A different, morose, but also slight subplot balances out the romantic one, where shadowy debriefings with a prison boss and a guard after the incident has passed.  The first is taciturn, the other empathetic: morose and shaken.  It helped viewers find closure to Cell 211′s chaos.

Now for a little math.  Many of the characters are interesting.  Five of them are important.  Three of those are pivotal: Juan, Malamadre, which sounds like Bad Mother, the inmate who leads the prison’s most violent section, and Elena, Juan’s wife, who plays a incidental, and passive, but pivotal role.  The men compete for the lead, at least in our minds.  Their personas are disparate, but compel our attention equally.  There is Juan, who should probably question working as a prison guard.  He’s an affable husband who might not be enough of an Alpha male, seems more like a library manager or a grocer than a prison guard.  He belongs in a suburb, mowing his lawn, not mowing down an inmate who has a shank poised against his jugular.

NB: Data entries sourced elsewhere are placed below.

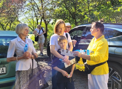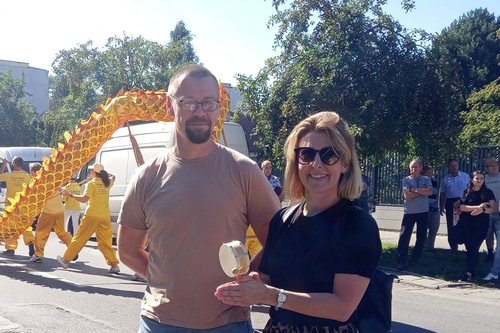 Paweł erklärte: „Ich glaube, dass die Werte von Falun Dafa – Wahrhaftigkeit, Güte und Nachsicht – von wesentlicher Bedeutung sind. Wir sollten sie fleißig lernen und in unserem täglichen Leben praktizieren.“ Das Paar dankte den Praktizierenden für ihre Teilnahme und äußerte: „Wir wünschen Ihnen gute Gesundheit und hoffen, dass Sie weiterhin standhaft bleiben.“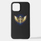 Golden Egyptian ankh with patterned, shiny wings on a black background. Magic symbol.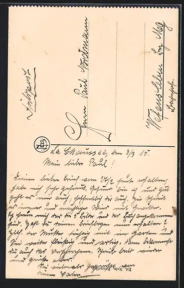Personenbezogene Daten auf der Rückseite der Karte wurden durch blauen Textmarker unkenntlich gemacht. Die blauen Stellen sind auf die Vorderseite durchgeweicht und wirken sich negativ auf das Postkartenfoto aus

Juan and Malamadre. An incongruent team.

The leader of the uprising, Malamadre, while unsettling at least at first, is more rational and reasonable than we hear at the start.  Then again, Hannibal Lector could be a great conversationalist too.  Malamadre is quick with violence, but he’ll take the time to step back if talking or thinking will give him what he wants as easily.  He’s a brawny, highly intelligent, calculating criminal, with a goatee and a voice that’s so gravelly you wonder how long and intensely he’s been smoking.  He’s so well drawn, with such magnetism that, while this is Juan’s story, he and Malamadre become a surprising and unsettling duo.  Sometimes they compete for starring attention.

But the barely likely connection between Malamadre and Juan allows the story to broach a very subtle story about the fragility of a moral compass.  How easily it can be detoured or perverted.  A law man meets a vicious, daunting criminal, then a heart wrenching tragedy strikes and that moral man finds that the road to or line between the moral & legal and their opposites have grayed and frayed in his mind.  This, after circumstances put him off-balance and push him toward an abyss that’s darker and more of a hell than merely being caught among those who are hungry, rabid wolves.

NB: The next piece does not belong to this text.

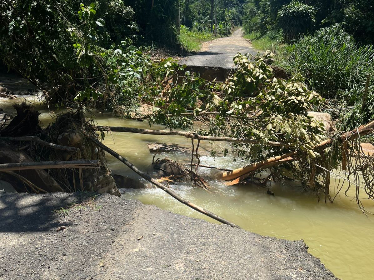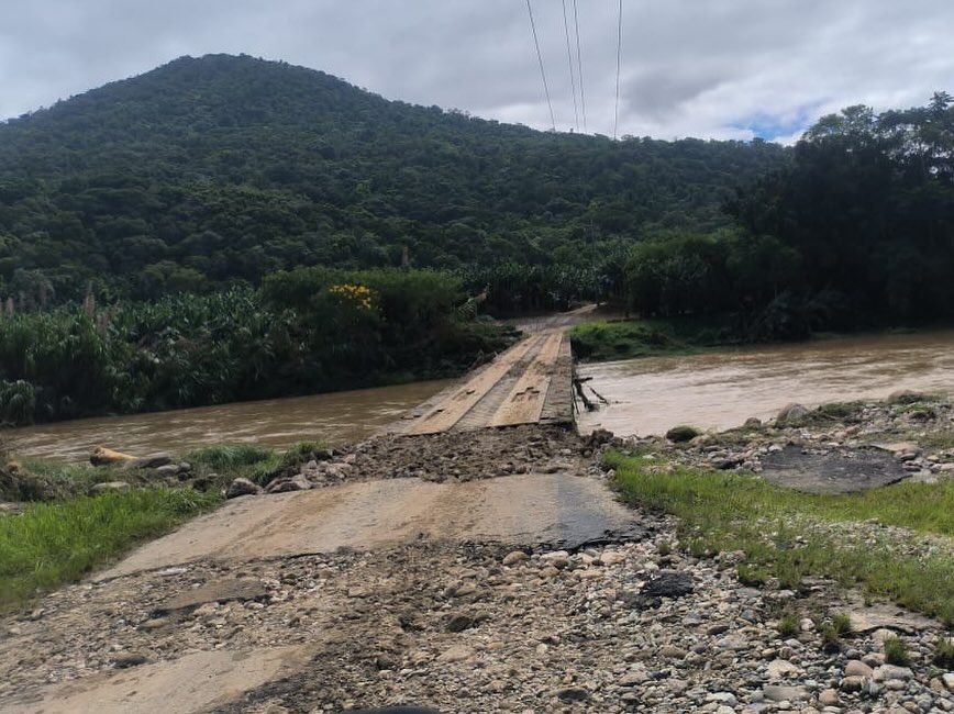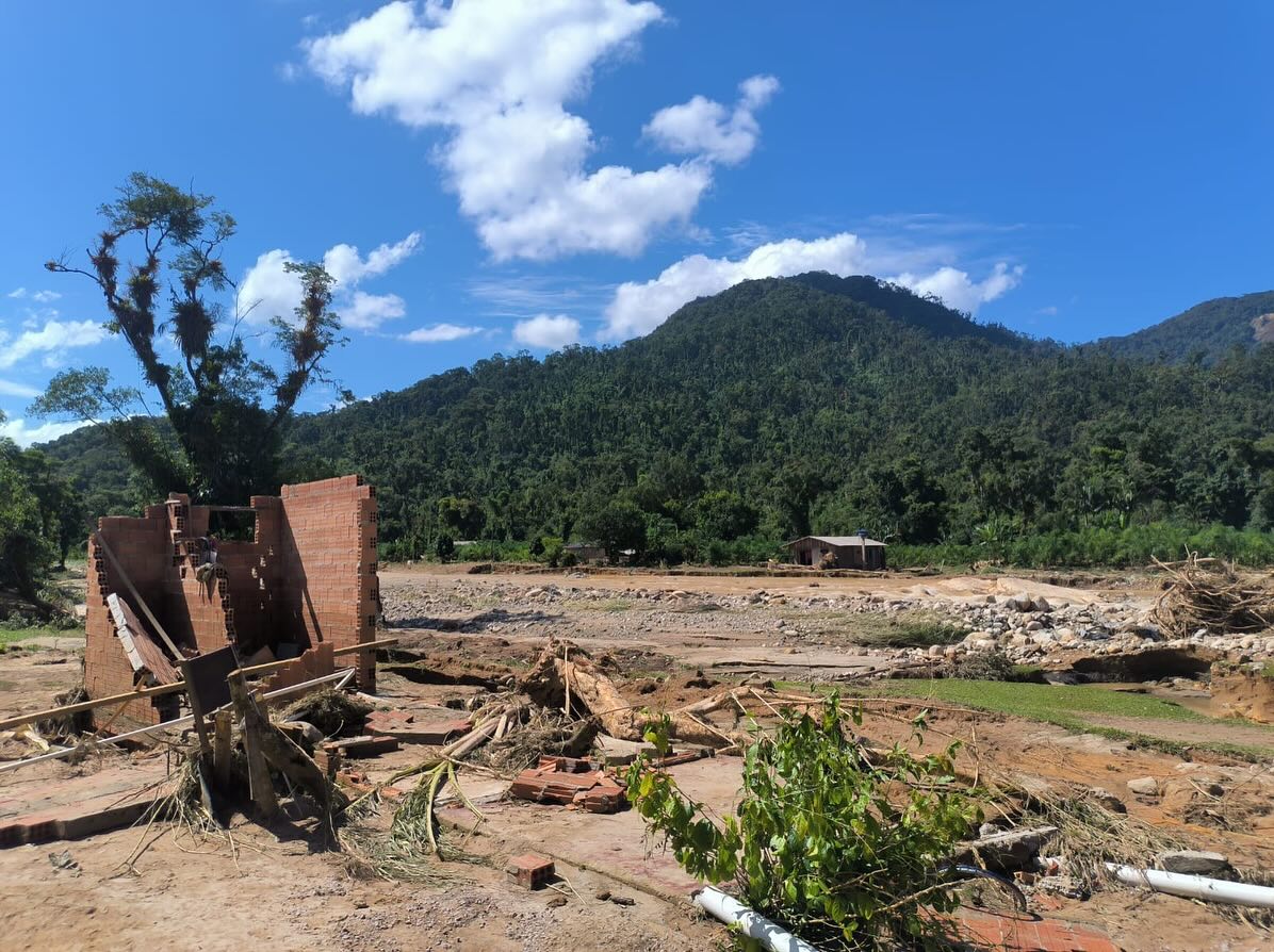 A infraestrutura viária também sofreu impactos severos. Estradas ficaram intransitáveis e pontes foram destruídas, isolando algumas comunidades. A ponte do Cubatão foi danificada, mas já foi restabelecida. No entanto, a localidade de Três Pinheiros segue sem acesso, pois a ponte foi completamente levada pela correnteza.

As splendid as Cell 211 is, it has problems.

Specific ideas are sacrosanct in film:

  • You don’t remake Alfred Hitchcock
  • …or Martin Scorsese, and some others, and
  • You never have someone attack an obviously vulnerable person.  …Unless you do it deftly.  This film does it so.

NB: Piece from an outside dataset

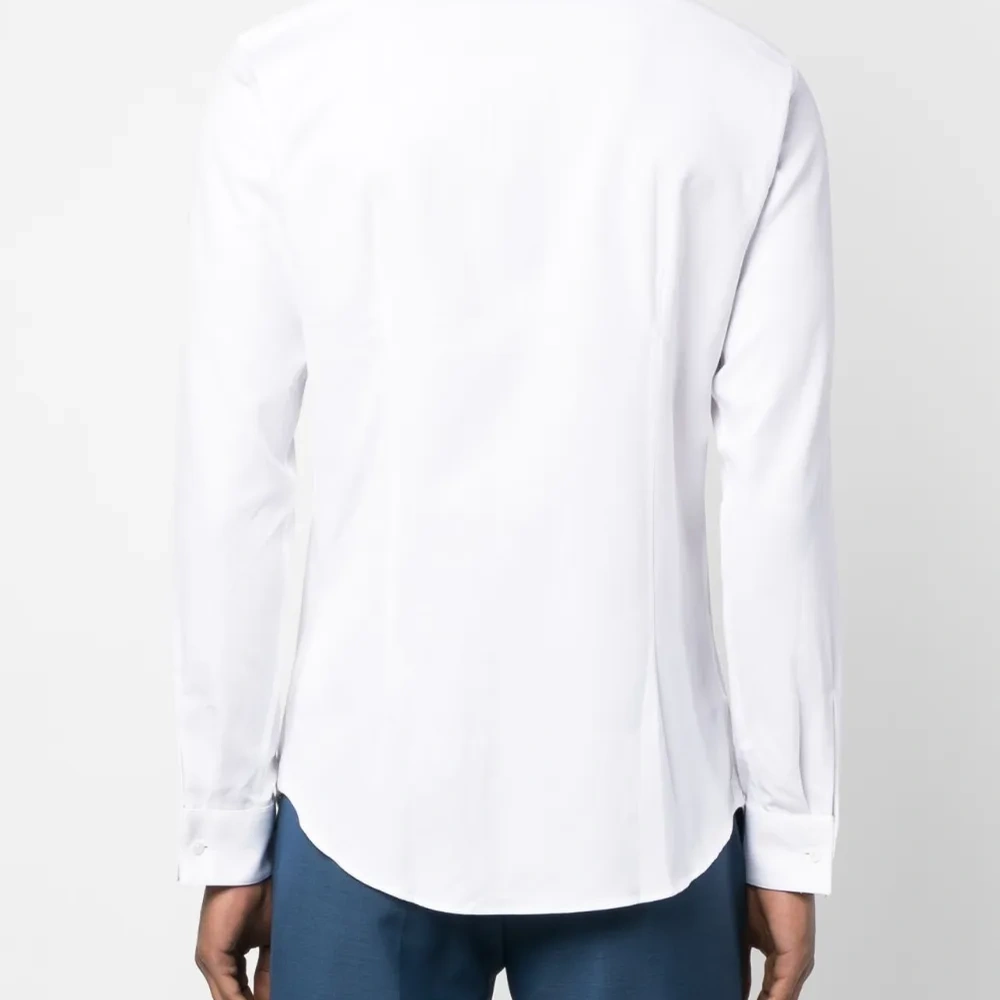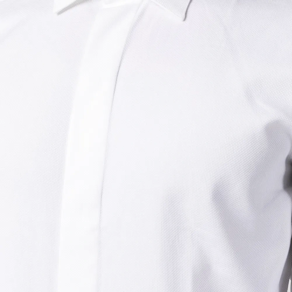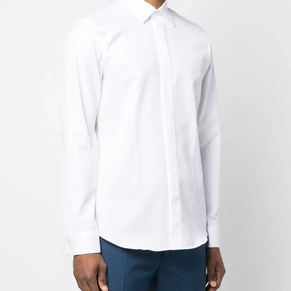 Молочно-белый, хлопок, классический воротник, потайная пуговичная застежка спереди, длинные рукава, рукава с манжетами на пуговицах и прямой подол.

Malamadre and Juan bond hastily and too slickly to convince us.  Malamadre’s reputation having preceded his first scene, foreshadows the sort of foe with which the bosses and guards must contend.  While Mal is smart, he’s there for a reason.  He’s hardened, vicious, and doesn’t mind killing someone, if there’s a purpose.  Juan is not.  Their bond is forced, but it’s drawn with such care that you won’t notice unless you love to think through or debate that kind of detail.

Few films are flawless.  Still, if you’re into grades: 4.5.